The United States and Britain said a bomb may have brought down a Russian airliner which crashed in Egypt, as the Islamic State group insisted it caused the disaster.
Britain and Ireland suspended flights to and from the Egyptian Red Sea resort of Sharm el-Sheikh, where the plane took off on Saturday bound for Saint Petersburg before crashing minutes later, killing all 224 people on board.
"A bomb is a highly possible scenario," a US official told AFP. "It would be something that ISIL would want to do," he added, using an alternate name for the Islamic State (IS) group.
British Prime Minister David Cameron's office said that "as more information has come to light, we have become concerned that the plane may well have been brought down by an explosive device".
The move comes as Egyptian President Abdel Fattah al-Sisi is set to hold talks with Cameron in London on Thursday, during his first visit to Britain since he led the army's overthrow of his predecessor Mohamed Morsi.
In Russia, authorities are expected to bury the first victim of the crash — the country's deadliest air disaster.
Moscow and Cairo both dismissed IS's initial claim it brought down the Airbus A-321 in Egypt's restive Sinai Peninsula, but the jihadists on Wednesday again insisted they were responsible and promised to reveal how.
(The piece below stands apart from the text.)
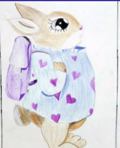
Ruhi Toshniwal Grade: III B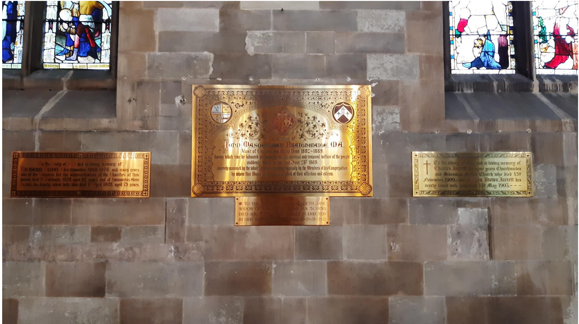
Photograph 3 – adjacent brasses (under window East of proposed plaque)

If confirmed, it would be the first time the militant group, which controls vast tracts of Syria and Iraq, has bombed a passenger plane.
Egyptian officials said investigators probing the plane's black boxes had extracted the data from one of them for analysis, but added the other had been damaged and required a lot of work.
Prove we didn't
In a new statement Wednesday, IS again insisted it had brought down the plane — and challenged sceptics to prove otherwise.
"Prove that we didn't bring it down, and how it came down. We will detail how it came down at the time of our choosing," the group said in an audio statement posted online.
The IS affiliate in Egypt is waging a bloody insurgency in the north of the Sinai Peninsula that has killed hundreds of policemen and soldiers.
On Wednesday, it claimed responsibility for a suicide car bombing on a police social club in Arish, which the official MENA news agency said killed four policemen.
IS has deployed shoulder-fired anti-aircraft missiles in the past, but they are not known to possess weapons that could bring down an airliner at high altitude.
Egypt has played down the possibility of a bomb attack and stressed the need to wait for the results of an international investigation, keen to preserve the country's economically vital tourism sector.
British Foreign Secretary Philip Hammond said an estimated 20,000 Britons currently in the Red Sea resort of Sharm el-Sheikh will be helped to leave.
"There is a significant possibility that the crash was caused by an explosive device on board the aircraft," he said after an emergency cabinet meeting.
Cameron's office said he and Sisi had agreed on the need for tight security at Sharm el-Sheikh airport, and British aviation experts have been dispatched to the resort to assess security.
First Russian victims buried
Russian airline Kogalymavia, which operated the plane, has ruled out a technical fault or human error, drawing fire from the head of Russia's aviation authority for a "premature" assessment.
Experts say the fact that debris and bodies were strewn over a wide area indicated the aircraft disintegrated in mid-air, meaning the crash was likely caused by either a technical fault or a bomb on board.
Flight KGL9268 was flying at an altitude of 30,000 feet (9,144 metres) when it lost contact with authorities, 23 minutes after takeoff.
A US military satellite picked up a heat flash at the time of the crash that could point to a catastrophic event during the flight, US media reported.
Russian President Vladimir Putin has described the crash as a "huge tragedy", and the first victim was expected to be buried on Thursday.
Relatives of the victims have begun identifying the bodies after two planes delivered the remains of many to Saint Petersburg.
In the city centre, about 300 people attended a vigil for the dead on Wednesday.